In our H Ends, AKT phosphorylation Transportation is sometimes in MCF-7 cells after l Through prolonged culture in vitro detectable, suggesting that differences BMS-790052 Daclatasvir in cell culture conditions k Can on the planes p AKT in some cases F. Other studies PIK3CA mutant cell lines of breast cancer generally have more sensitive than PIK3CA c lines Lon mutant cancer cells small molecule AKT inhibition found, suggesting that the effects of the cell line can modulate the pharmacological sensitivity. Overall, these results support the idea that a high Ma AKT AKT p denote a dependence dependence mutated PIK3CA in cancer cells, w While there, the M possibility of signaling AKT independent in contexts in which the station re AKT reduces p. Both before activation and PTEN function modes important regulatory PI3K in cancer therapy.
Interestingly, several cell lines, PIK3CA mutant breast cancer at high AMG 900 p AKT were shown here previously are harboring ERBB2 overexpression / amplification or high activated EGFR. In addition, PIK3CA mutant cells and human breast tumors with low p-AKT with wild-type PTEN and 3 reduced phoshpatidylinositides express w While PTEN knockdown results in AKT phosphorylation tend robust. So many PIK3CA mutant tumors nts on AKT signaling h Contain before simultaneous deregulation of the signal or PTEN deficiency. However PIK3CA mutation by itself ndigen neither necessary nor sufficient for the activation of AKT vervollst pathway, if it i. PIK3CA mutated cells exhibit robust p PDK1 expression and membrane recruitment independently Ngig of AKT signaling.
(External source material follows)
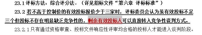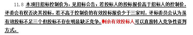 若不高于控制价的有效投标报价少于三家时,评标委员会认为虽有效投标不足三个但投标不存在明显缺乏竞争性的,剩余有效投标人可以直接转入竞争性谈判方式。具体修正位置为:

PDK1 is a constitutively active conformation which is not known to be further verst RKT By upstream signals. PDK1 membrane recruitment oncogenic seems at least partly dependent Ngig of mutant PIK3CA. Membrane localization of PDK1 differential against AKT may partly th different affinity Refer phosphatidylinositide binding PH-Dom Ne, because previous studies suggest that PDK1 may ? 0 times h Here affinity t PIP3 for AKT. K PDK1 recruitment Nnte Also by a function mutant PIK3CA kinase independent Facilitated-dependent, as the stabilization of a complex RTK adapter protein that ortsunabh Phosphatidylinositol-dependent membrane PDK1 erm glicht. for this purpose has been shown PDK1 to the adapter protein independently in a PH-Dom GRB14 ne bind-dependent manner.
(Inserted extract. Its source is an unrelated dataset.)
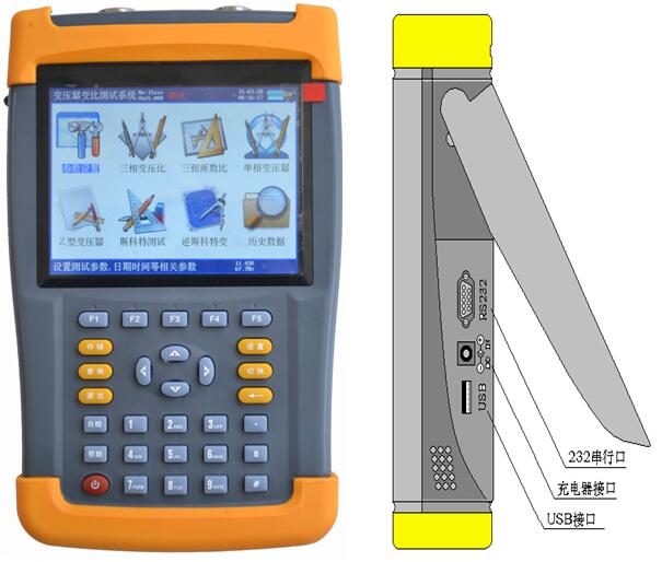 拓普品牌多功能手持式全自動變比測試儀采用大屏幕真彩色液晶屏顯示,全中文圖形化操作界面并配有漢字提示信息、多參量顯示的液晶顯示界面,人機對話界面友好,向量圖顯示及接線判斷為檢查電路的正確性提供了可靠的依據(jù)。全觸摸式導(dǎo)電硅膠鍵盤操作方式,操作手感好,簡便易學(xué)。儀器內(nèi)置大容量掉電不丟失數(shù)據(jù)存儲器,可將現(xiàn)場校驗數(shù)據(jù)保存下來,可擴展存儲1000組現(xiàn)場校驗結(jié)果。儀器除具有完全根據(jù)用戶的現(xiàn)場使用要求,操作簡便,功能完備,數(shù)據(jù)穩(wěn)定可靠的特點外還是國內(nèi)到目前為止一款可以進行盲測(不知道被測變壓器的任何銘牌參數(shù)的情況下準(zhǔn)確測量變比值和組號,同時能準(zhǔn)確測量相角)的手持式變比測試儀;能適應(yīng)各種大中小型變壓器變比測試的需要(包括Z型變、整流變、電爐變、非整點的移相變、牽引變、斯科特及逆斯科特變壓器),是到目前為止國內(nèi)變比測試中技術(shù)先進,測試項目完善,測量參數(shù)較全面的變比測試儀。

W So while the AKT membrane localization hangs fa Be criticized on PIP2 and PIP3 levels high PDK1 localization may require a lower phosphatidylinositide enrichment. PIK3CA mutant cancer cells with low Akt signaling have a dependence Dependence of SGK3 selective for sustainability. SGK family kinases AGC share over 50% identity t With the kinase Dom ne of AKT. SGK proteins Become direct PDK1 substrates after the C-terminal phosphorylation of the hydrophobic motif. Current data suggest that phosphorylation at the HM SGK by TORC2 complex, mediated and SGK proteins Function can k As essential mediators of cell growth behind rictor/TORC2. accordance with previous results, here we show that PDK1 dependent ngig SGK3 PI3K activation in PIK3CA mutant cancer cells is regulated.